This archive contains the theory files associated to our ITP submission 
"A Formalized General Theory of Syntax with Bindings." They can be processed 
with Isabelle2016-1, available from https://isabelle.in.tum.de/ 

The directory Trivia formalizes some auxiliary concepts.

The directory Binding_Syntax_Theory contains the bulk of our development. The 
names of its theory files are quite self-explanatory. In particular:

-- the theories with "QuasiTerms"-prefixed name deal with quasiterms and their 
operations, covered in the paper's sections 3.1--3.4

-- Transition_QuasiTerms_Terms and Terms introduce terms as quasiterms modulo 
alpha and formalize their properties, including the fresh induction schema (the 
paper's sections 3.5 and 4.1) 

-- Well_Sorted_Terms fixes a signature and transfers all proved facts from good 
terms to well-sorted terms (as described in the paper's section 5)

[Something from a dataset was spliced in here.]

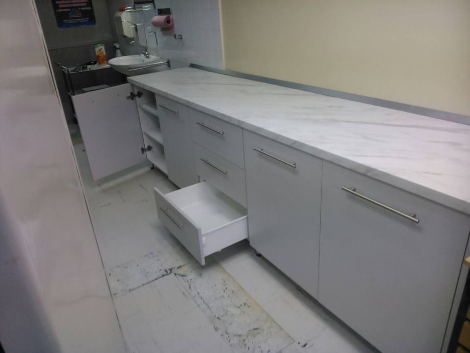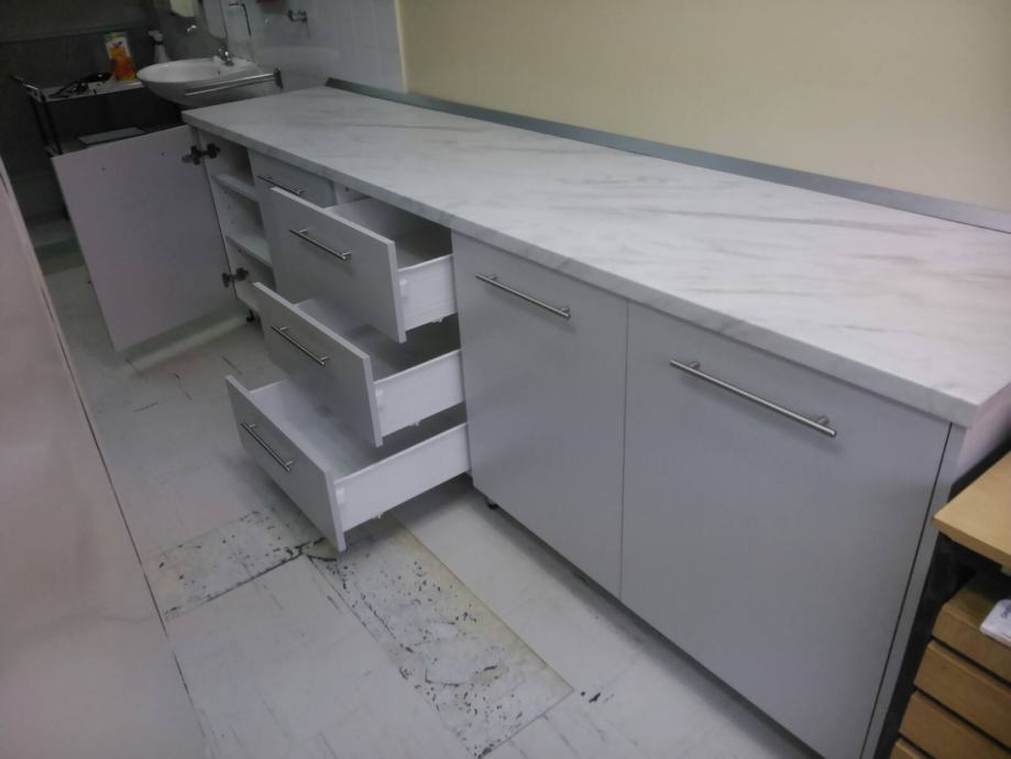 * dijelovi: sastoji se od 2 elementa širine 105 cm sa 2 police te u sredini je ladičar od 60cm sa 3 ladice
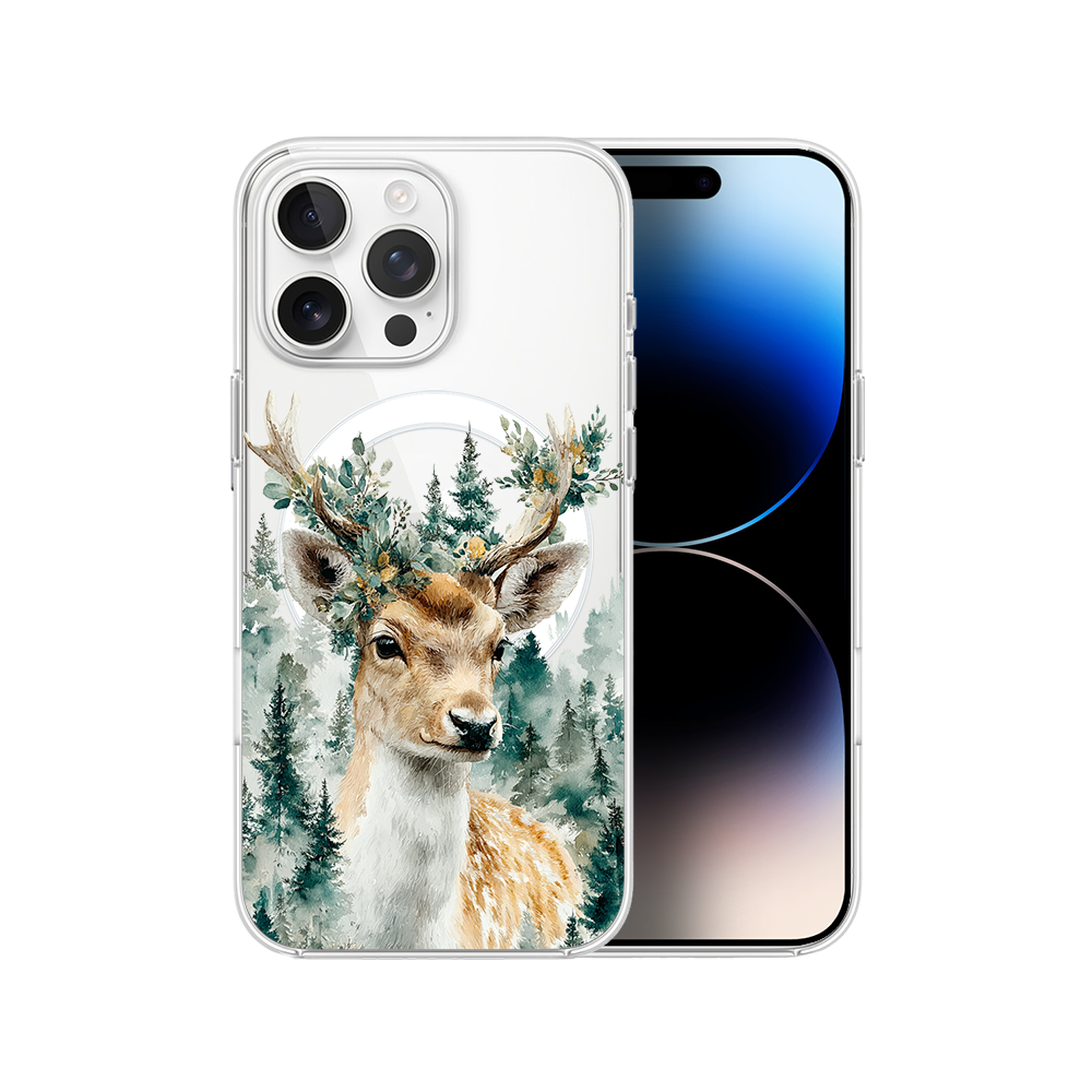Etui do iPhone 14 Pro z MagSafe, Przytulne święta, Leśny Jelonek, przeźroczyste

-- Iteration, Semantic_Domains and Recursion deal with the iteration, semantic 
interpretation and recursion schemas described in the paper's section 4.2 and 
appendix B. The recursion theorems are not stated exactly as described in the 
paper. There are the following differences: 

-----(1) They employ iterator/recursor combinators to produce, from models, the 
functions of which existence is stated in the paper; e.g., the functions f and 
fAbs from the paper's theorem 12 are obtained as "iter MOD" and "iterAbs MOD", 
where "MOD" is the model. 

-----(2) Custom predicates are used to describe the various involved properties, 
be they required for the models or given back by the recursors. For example, 
"termFSbImorph (iter MOD) (iterAbs MOD) MOD" states that "iter MOD" and "iterAbs MOD" 
form together an "(iteration) morphism of freshness-substitution models", i.e., 
they commute with the constructors and with substitution and preserve freshness. 

-- Regular_Cardinals imports Isabelle's cardinal library, which offers support 
for regular cardinals

The theory Binding_Syntax puts everything together and applies some filtered 
searches to display the most important theorems. 

As a matter of notation, the formalization is fairly closed to the paper, although 
the paper sometimes simplifies notation for readability. For example, the 
formalization does not employ the "uparrow" notation for the lifting predicates.